Amon definiert Forschung folgendermaßen: „Man hinterfragt einen Zustand und überlegt sich relevante Fragen, die sich mit einfachen und klaren experimentellen Vorgangsweisen beantworten lassen. Wenn ich das mache, passiert das. Und warum passiert das. Die Grundlagenforschung wird zu medizinischen Durchbrüchen führen.“ Es gebe aber keine Garantie, man kann viel vorausdenken, aber kann nicht alles entdecken. „Wir versuchen, biologische Grundsätze zu erforschen, und suchen Substanzen.“

Man braucht Glück

Und vielleicht hat sie Glück, denn auch das gehöre in der Forschung dazu. Amon: „Meine Lieblingsgeschichte ist die von Alexander Fleming. Dessen Ziel war auch nicht, Penicillin zu erfinden, sondern das ist ihm passiert.

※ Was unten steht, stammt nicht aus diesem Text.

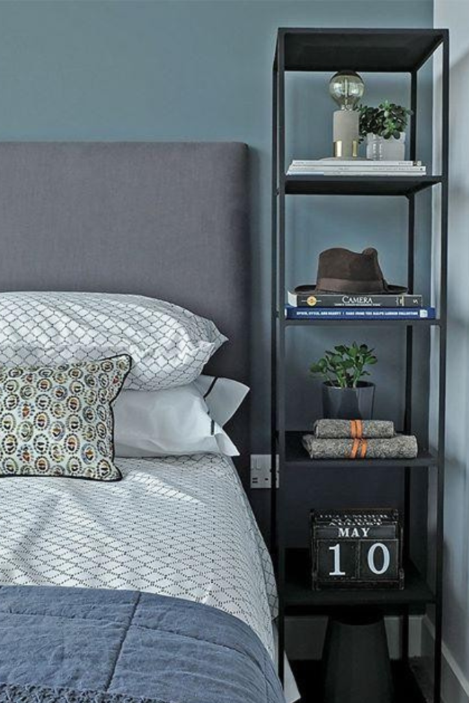 Floor space disappears fast in tight bedrooms, so going up solves the problem. A slim shelving unit works as a nightstand.

Er hat in seinem Labor ja zufällig bemerkt, dass ein wieder zufällig in eine Staphylokokken-Kultur hineingeratener Schimmelpilz eine keimtötende Wirkung hatte. Daraus wurde dann das Penicillin entwickelt.“ Große Durchbrüche ließen sich nicht immer vorhersagen.

Man braucht Geld

„Ich kann kein Krebsmedikament herstellen, das muss die Pharmaindustrie. Wenn ich viel Geld hätte, würde es schneller gehen. 10 bis 15 Millionen Dollar und dann nochmals 20 bis 50 Millionen Dollar für klinische Studien. Man bräuchte Geldgeber, Sponsoren, vielleicht sogar die ,Crowd‘, die gemeinsam solche Projekte unterstützen könnte.“

Dennoch ist sie überzeugt, dass es in zehn bis 15 Jahren Medikamente gibt, mit denen der fehlerhafte Chromosomensatz repariert werden kann. „Da alle Krebsarten den falschen Chromosomensatz haben, ist die Hoffnung groß, dass man damit den Krebs besiegen kann.“

„Bleibe in den USA“

Nach Österreich wird Amon – abgesehen von Besuchen im Rahmen ihrer diversen Tätigkeiten in wissenschaftlichen Organisationen – nicht mehr übersiedeln. „Der Hauptgrund ist, ich will nicht in Pension gehen. Ich bin am MIT sehr glücklich und möchte daher meine Lebenssituation im Moment nicht ändern.“

Auch wenn alle Krebserkrankungen geheilt werden könnten, in der Medizin gäbe es noch viele Herausforderungen. Parkinson etwa oder, wohl eine der meist verbreiteten Krankheiten, Alzheimer. Jeder dritte Mensch stirbt mittlerweile daran.